The inter-laboratory variations which are in the quality controlled, analytically acceptable range may have impact on the result of FT and can lead to significant discordance between histology and FT score.  In addition, FT has some other limitations in several medical conditions, such as Gilbert's syndrome, hemolysis, renal failure, inflammatory conditions and biliary obstruction.  More independent validation of FT in Hepatitis C and other less studied diseases is required since there are only a few studies that have assessed FT other than the French study group pioneering research in this area. FT has no up-front cost, but is associated with recurring cost for each use, whereupon the test may prove costly if utilized for follow up and monitoring. Finally, there is a significant delay entailed in reporting of the results of the biochemical tests that form part of the mathematical model of FT.

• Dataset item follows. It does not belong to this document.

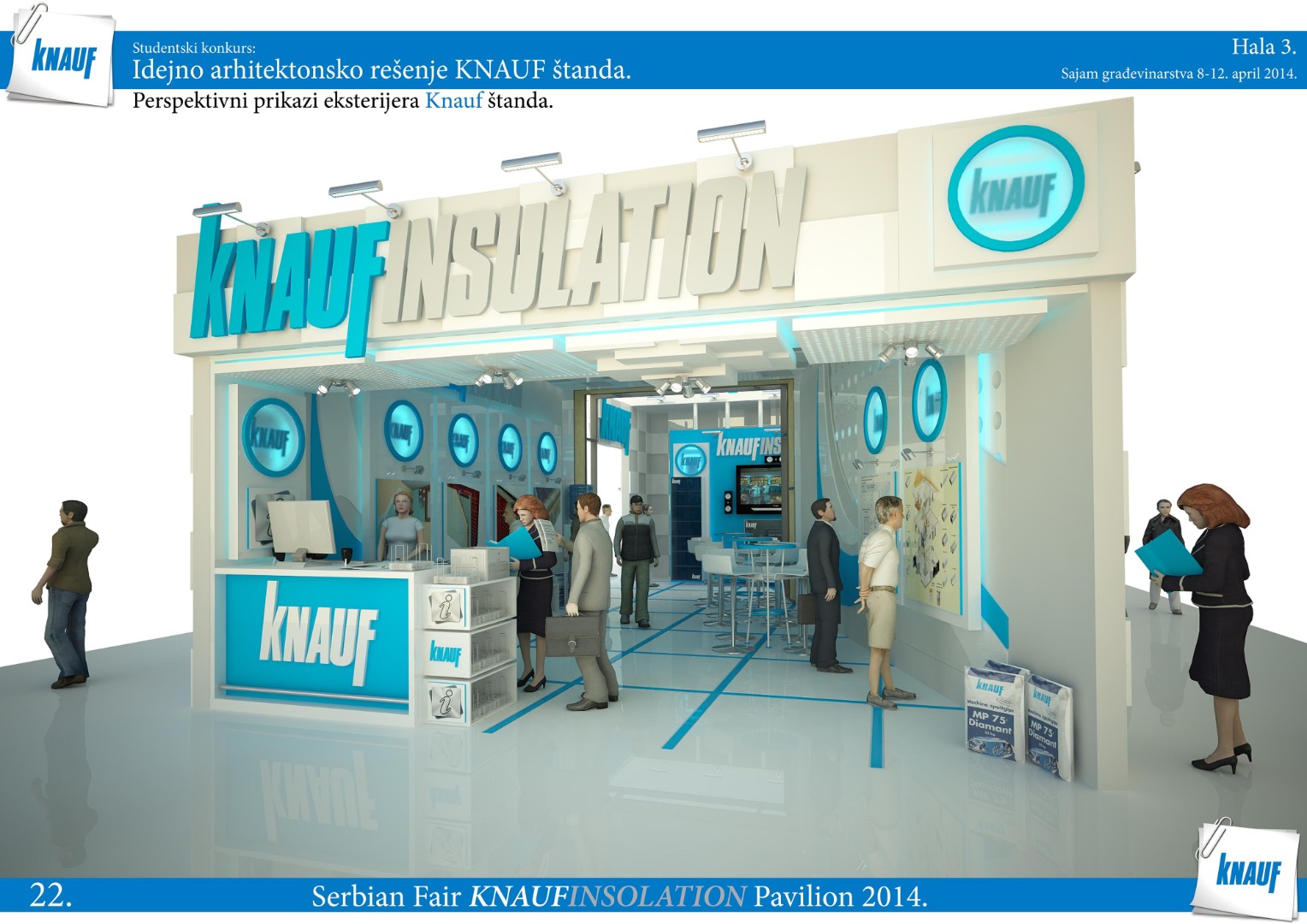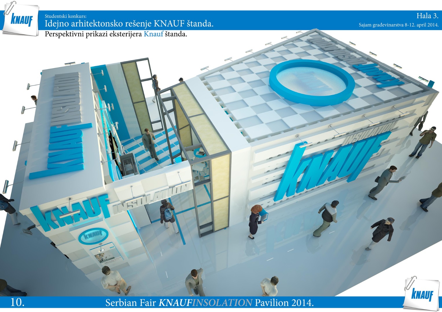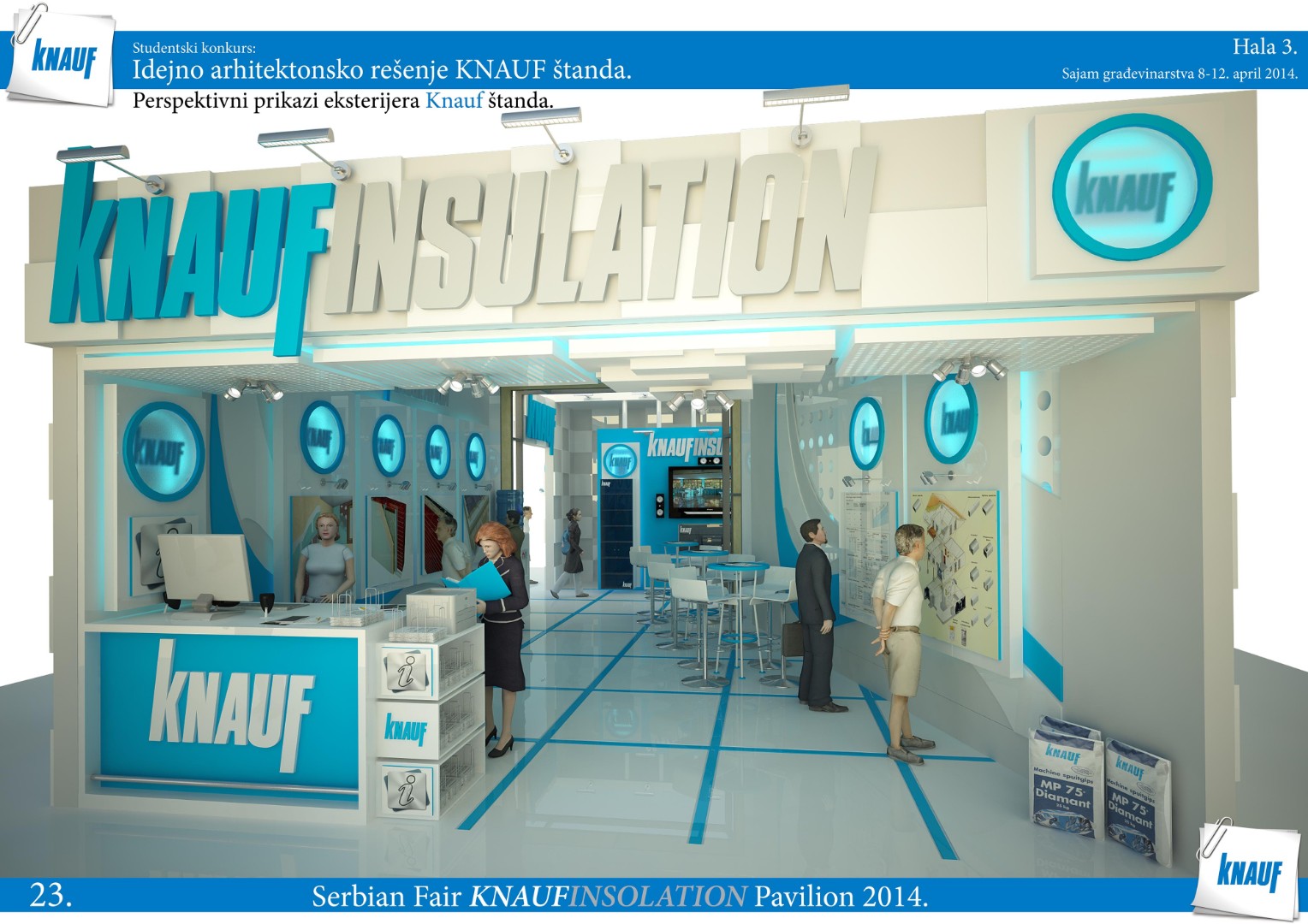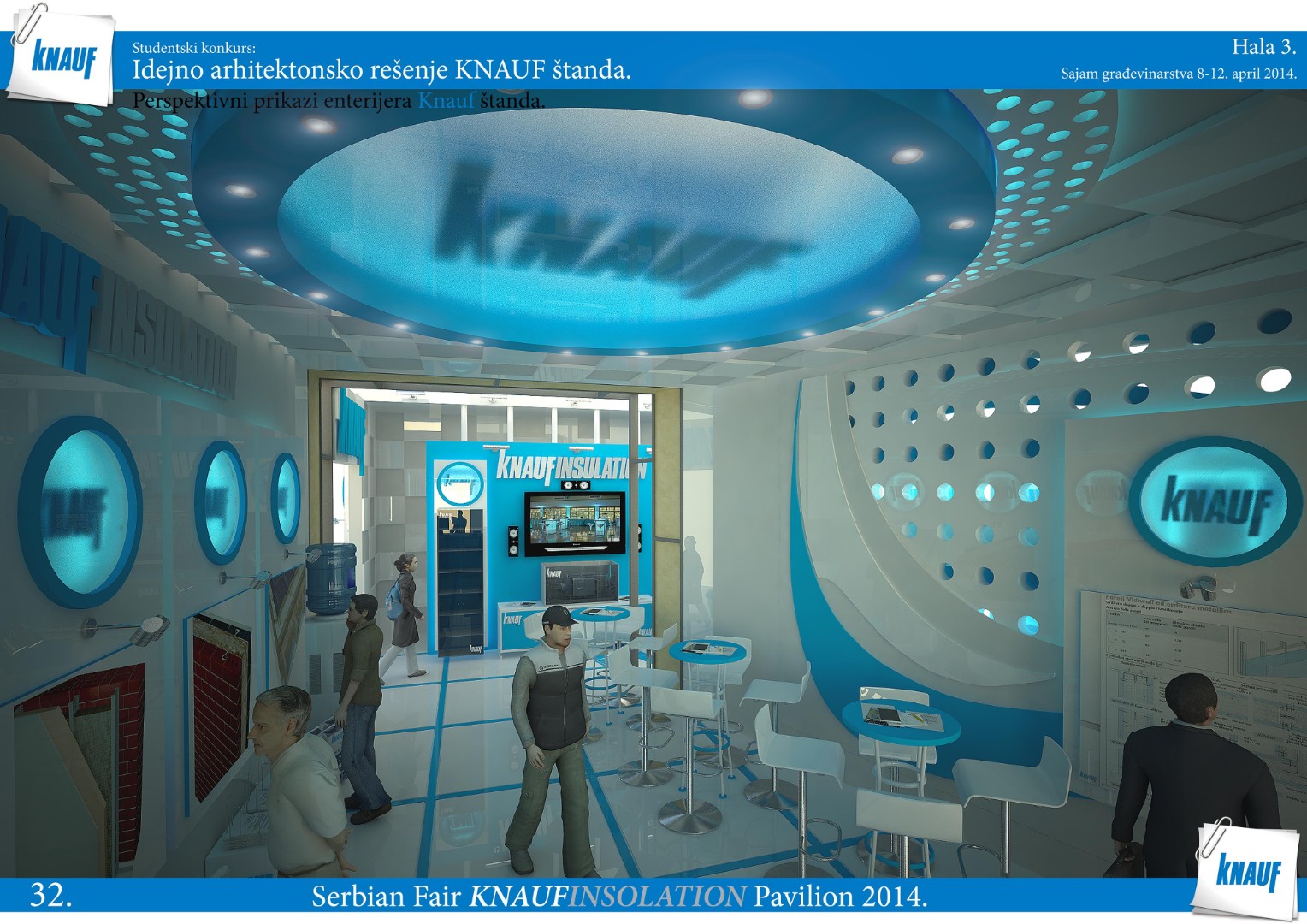The KNAUF Exhibition Stand designed for the International Construction Fair in Belgrade required a conceptual architectural solution that effectively presents the brand’s identity within a limited exhibition space.

Concerns regarding serum markers
It is worthwhile to consider some of the concerns pertaining to FT and other serum markers regarding adoption in routine clinical practice in the assessment of liver fibrosis instead of LB. , Firstly, none of these serum markers is liver specific, and reflect the inflammatory process and not fibrosis.
Secondly, these markers have a relatively good prediction for the extremes of fibrosis stage, which may help sometimes in the treatment decision, but nonetheless, have a poor performance in correctly classifying the intermediate stages. Therefore, this factor will limit their use in longitudinal studies for the purpose of studying liver fibrosis progression, especially if their results were accepted for treatment decision.
Additionally, these markers need to be validated in different clinical settings. The rationale is that the predictive value of any test is affected by the prevalence of the disease. So the clinical utility of these markers is critically affected by the prevalence of fibrosis in the population being investigated and almost all published studies have been performed in a tertiary-care setting.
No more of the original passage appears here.